Par contre, j’ai un bémol sur la dernière partie du livre (sur la guerre à la nature). Je trouve qu’elle tend à essentialiser les femmes, même si elle s’en défend. J’ai vraiment été gênée par la fin de l’ouvrage. Pour le reste, super intéressant !
Je note la référence Ainsi soit-elle, merci du tuyau !
Je suis d’accord que partir en guerre est une idée bien trop violente – et même généraliste – pour que je sois d’accord. Œuvrer pour changer la situation et dire qu’elle ne me convient pas m’apparaissent comme des actions plus stratégiques. C’est aussi dans cette partie que Mona Chollet développe le regard que la médecine pose sur les femmes, point précis que je partage (j’ai bien trop d’exemples en tête, personnels ou de mon entourage pour mettre des œillères). Mais dans l’ensemble on se rejoint, un essai intéressant à découvrir 🙂
J’ai lu des critiques très sévères sur ce livre mais n’en ait pas retenu l’essence, je sais juste que le jour où je pencherai sur l’éventuel achat de ce livre il faut que je les remette en perspective avec des critiques positives, pour faire mon choix.
Je pense qu’il est question de sensibilité et d’ouverture aussi. Je n’attendais rien de cet essai et j’étais curieuse de voir ce que Mona Chollet avait à dire donc je l’ai bien reçu. Je n’avais pas d’attente car je savais a priori qu’elle développait des réflexions personnelles (elle n’a jamais véhiculé l’idée de vouloir être une fervente défenseuse du féminisme avec majuscule). Ceci dit, je suis intriguée de savoir ce que reprochent les autres lecteurs à cet ouvrage, je vais aller à la pêche aux avis.

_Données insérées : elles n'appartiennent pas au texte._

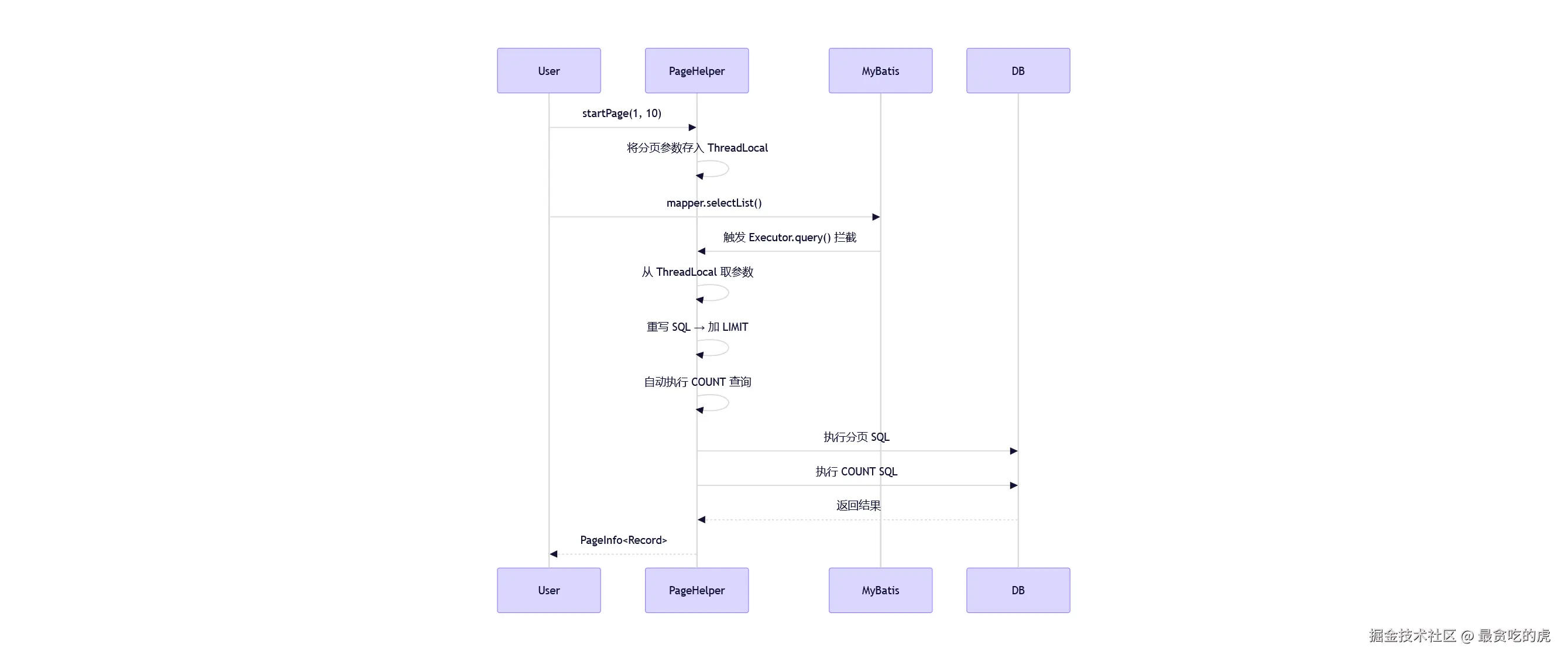 PageHelper 通过拦截 MyBatis 的查询,在 SQL 末尾自动加上 limit/offset 以及 count 语句。
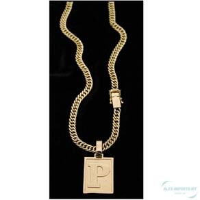 CORRENTE GRUMET DUPLO FECHO LATERAL DUPLO (7MM) & PINGENTE (LETRA) PERSONALIZADO (MEDIO) - BANHADO EM OURO 18K
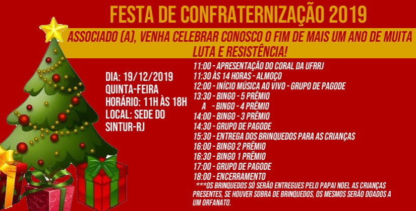 DIA 19 DE DEZEMBRO, NA SEDE DO SINTUR-RJ, A PARTIR DAS 11 HORAS
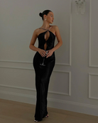 Lucia Satin Cut Out Maxi Dress | Black
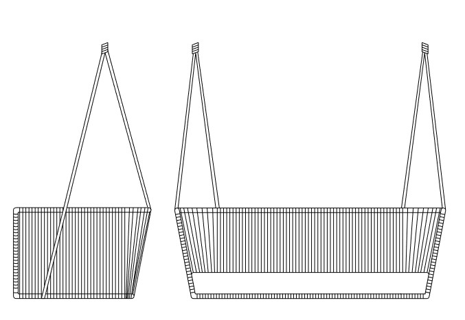 Качели изготовлены из плетеной ткани из полиэстра и полипропилена, устойчивой к воздействию окружающей среды. Сидение и спинка дополнены мягкими подушками из водоотталкивающей ткани.
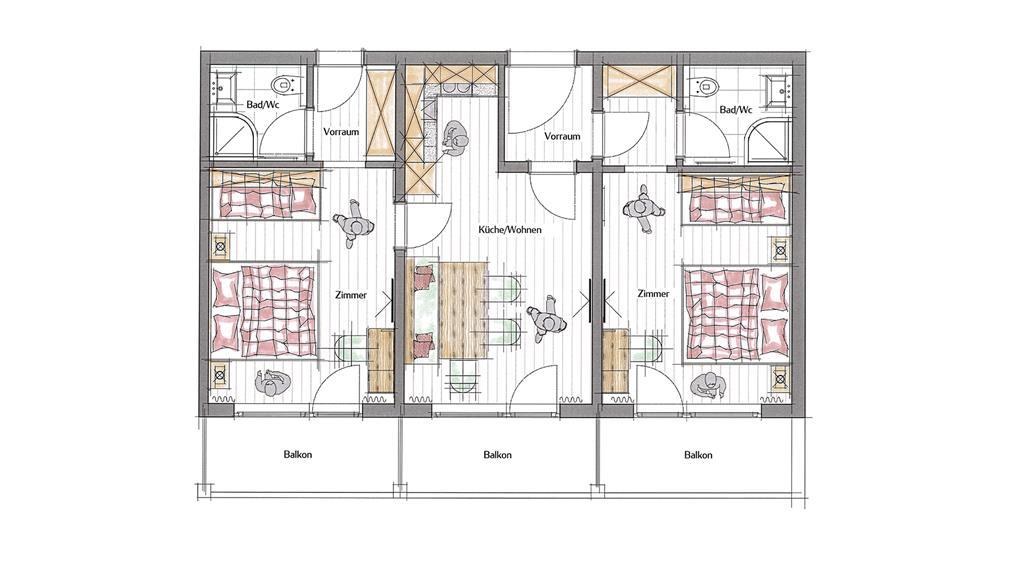 Das Appartement besteht aus 2 Schlafzimmern für je 2-4 Personen, 2 Badezimmern und einer großen Wohnküche. Die Wohnküche ist mit einem Flat-Screen-TV, großen Esstisch und Balkon ausgestattet. Die Küche verfügt über Kühlschrank, Geschirrspülmaschine, Microwelle, Kaffeemaschine, Wasserkocher, Backofen, sowie dem kompletten Geschirr. 2 Schlafzimmer mit Flat-Screen-TV, Schreibtisch, großen Ankleidespiegel und Balkon. 2 Badezimmer mit Dusche, WC, Haarföhn und Handtuchtrockner. Freies W-lan in der ganzen Wohnung.

J’achète pratiquement tous les Mona Chollet au boulot, faudra quand même que j’en lise un jour (celui-là peut-être d’ailleurs, vu comment il buzz)
J’aimerais bien découvrir maintenant « Beauté fatale » de l’autrice 🙂
J’ai beaucoup aimé ce titre et je me pencherai sur le travail de Mona Chollet à l’avenir surtout pour Beauté fatale.
Il n’y a rien de jugeant dans cette lecture, si les gens se sentent agresser c’est peut-être tout simplement qu’il y a un écho avec leur vécu sur lequel ils n’ont aucune envie de se pencher et réagissent vivement par sentiment de malaise.
Ah ! J’aimerais justement découvrir Beauté fatale 🙂 Je rejoins ton avis sur le pourquoi (ou la possibilité) de l’agression ressentie par certains lecteurs.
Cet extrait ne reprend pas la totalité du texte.